§ **Problem statement**: Pictures are to be skipped. Retype exactly the lines from the top of the material through the one with "Are you interested", and only those.

§ **Data for the task**:
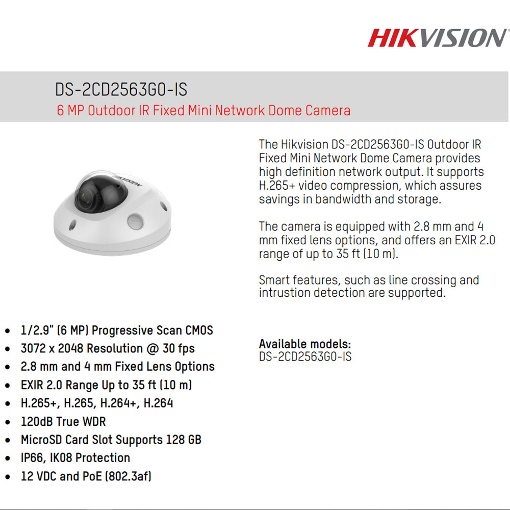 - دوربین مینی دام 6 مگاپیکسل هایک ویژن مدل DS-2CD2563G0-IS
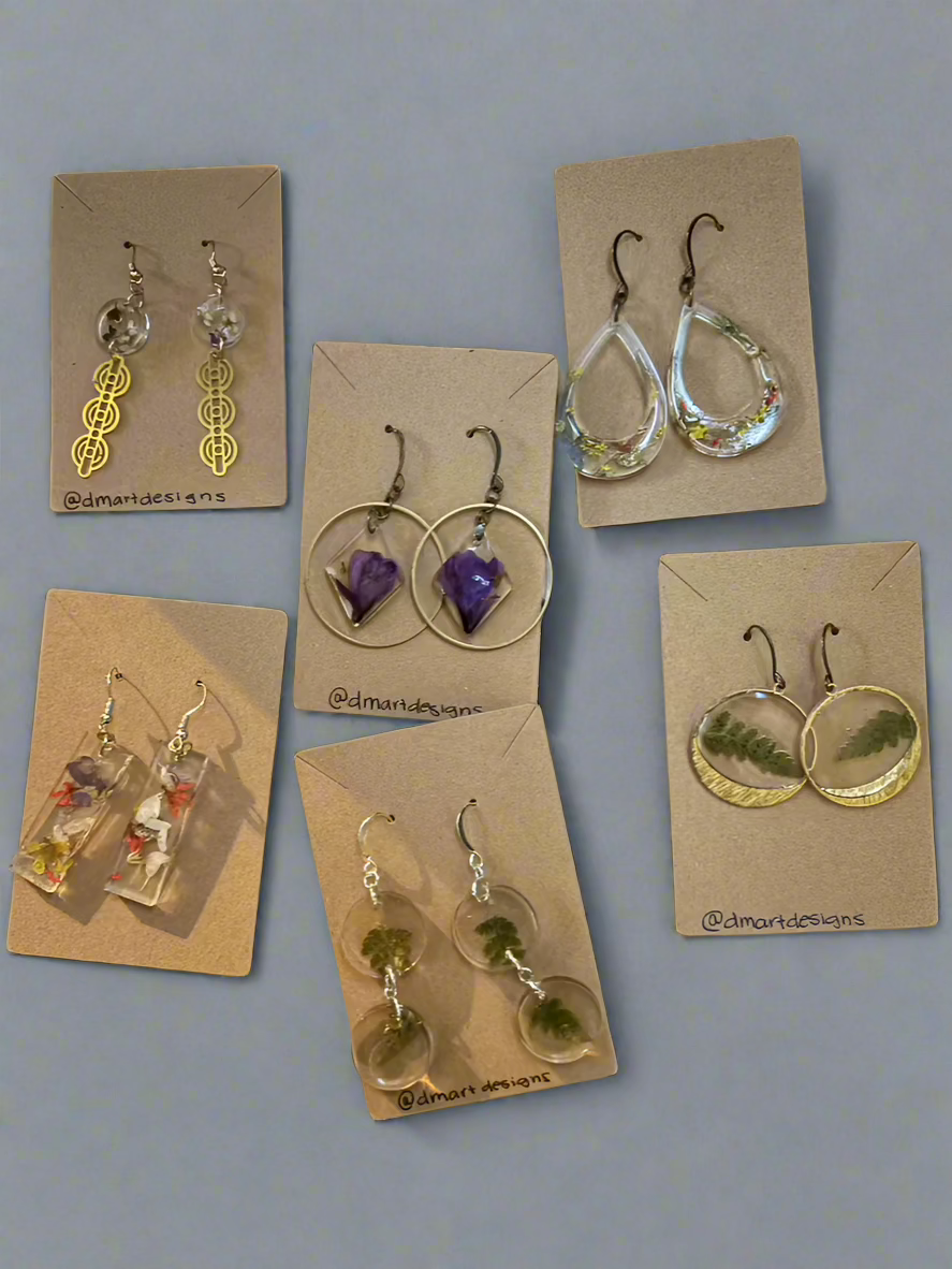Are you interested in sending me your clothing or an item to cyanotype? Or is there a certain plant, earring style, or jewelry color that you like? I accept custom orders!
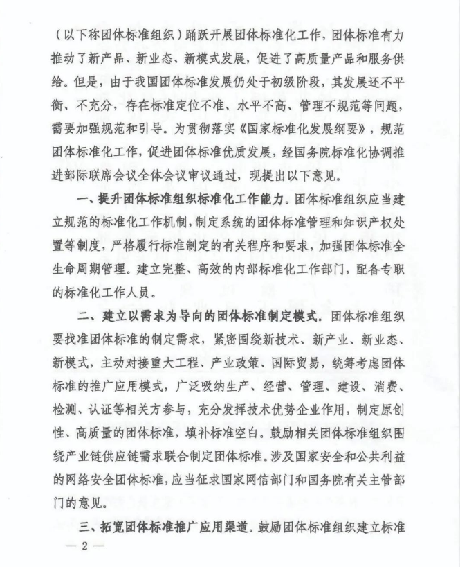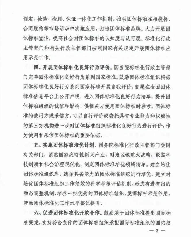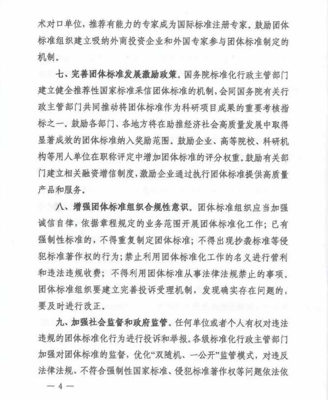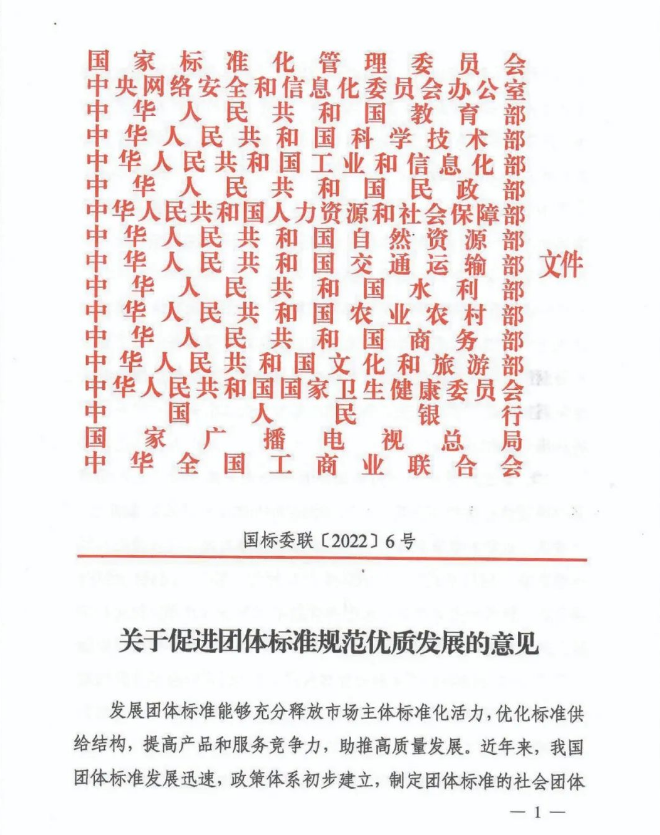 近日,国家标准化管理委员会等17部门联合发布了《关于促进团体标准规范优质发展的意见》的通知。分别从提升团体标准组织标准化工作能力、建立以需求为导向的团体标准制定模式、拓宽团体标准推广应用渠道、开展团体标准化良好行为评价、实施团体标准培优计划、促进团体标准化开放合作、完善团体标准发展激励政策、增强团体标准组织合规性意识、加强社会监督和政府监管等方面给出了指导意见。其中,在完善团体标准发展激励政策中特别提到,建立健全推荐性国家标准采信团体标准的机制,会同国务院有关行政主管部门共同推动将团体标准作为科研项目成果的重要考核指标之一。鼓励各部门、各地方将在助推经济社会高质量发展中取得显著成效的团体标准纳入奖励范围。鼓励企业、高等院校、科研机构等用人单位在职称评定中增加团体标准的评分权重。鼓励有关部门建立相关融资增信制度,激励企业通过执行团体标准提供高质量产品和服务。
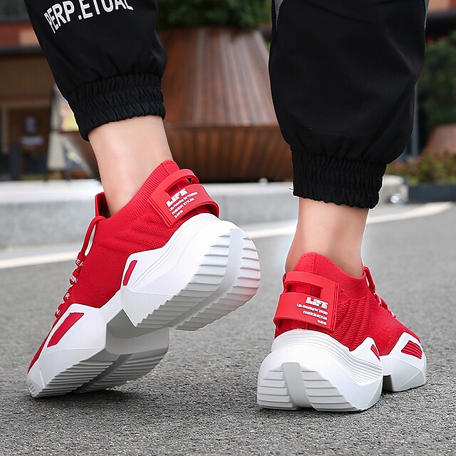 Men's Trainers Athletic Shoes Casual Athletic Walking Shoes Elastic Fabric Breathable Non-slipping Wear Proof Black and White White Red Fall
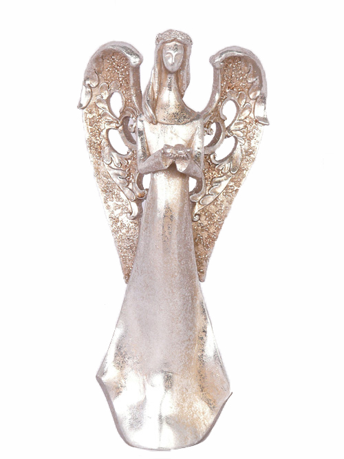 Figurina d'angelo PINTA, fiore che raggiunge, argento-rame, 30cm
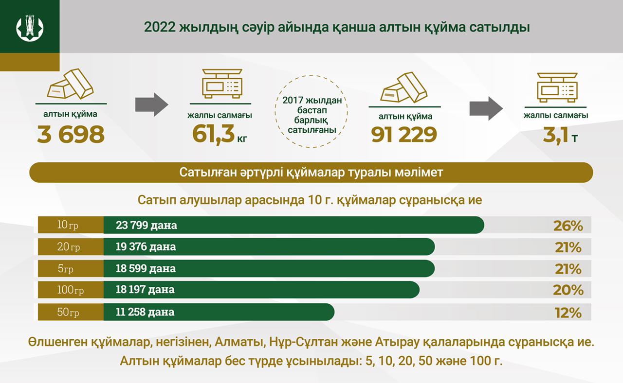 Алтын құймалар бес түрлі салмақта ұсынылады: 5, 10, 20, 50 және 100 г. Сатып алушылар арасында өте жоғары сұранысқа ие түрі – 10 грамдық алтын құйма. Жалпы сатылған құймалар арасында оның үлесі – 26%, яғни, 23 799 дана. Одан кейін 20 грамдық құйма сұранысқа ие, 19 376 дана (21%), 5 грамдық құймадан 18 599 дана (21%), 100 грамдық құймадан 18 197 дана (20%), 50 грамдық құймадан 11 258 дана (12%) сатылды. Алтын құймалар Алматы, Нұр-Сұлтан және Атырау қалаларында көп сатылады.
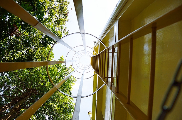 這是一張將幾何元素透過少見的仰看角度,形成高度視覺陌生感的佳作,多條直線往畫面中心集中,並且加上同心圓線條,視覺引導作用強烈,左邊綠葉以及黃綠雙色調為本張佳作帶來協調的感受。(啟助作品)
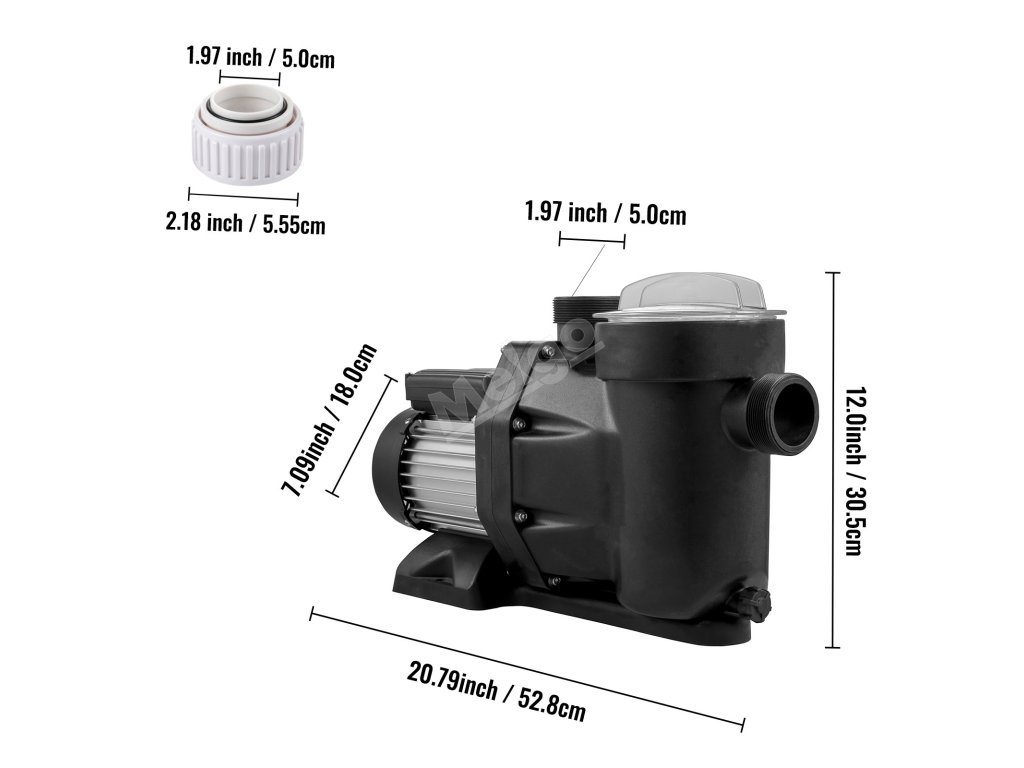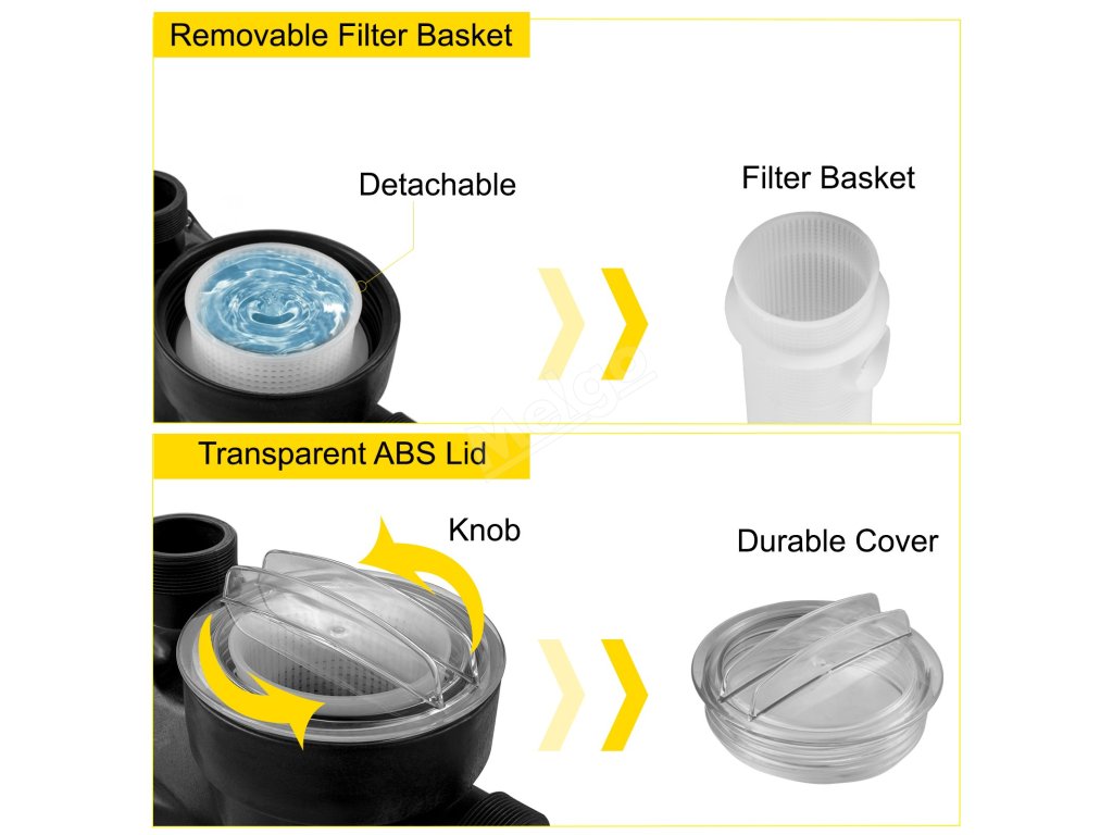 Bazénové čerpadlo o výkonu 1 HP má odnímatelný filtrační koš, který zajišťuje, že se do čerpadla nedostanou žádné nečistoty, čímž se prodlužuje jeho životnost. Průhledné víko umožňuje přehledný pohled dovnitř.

§ **Exercise result**:
 - دوربین مینی دام 6 مگاپیکسل هایک ویژن مدل DS-2CD2563G0-IS
Are you interested in sending me your clothing or an item to cyanotype? Or is there a certain plant, earring style, or jewelry color that you like? I accept custom orders!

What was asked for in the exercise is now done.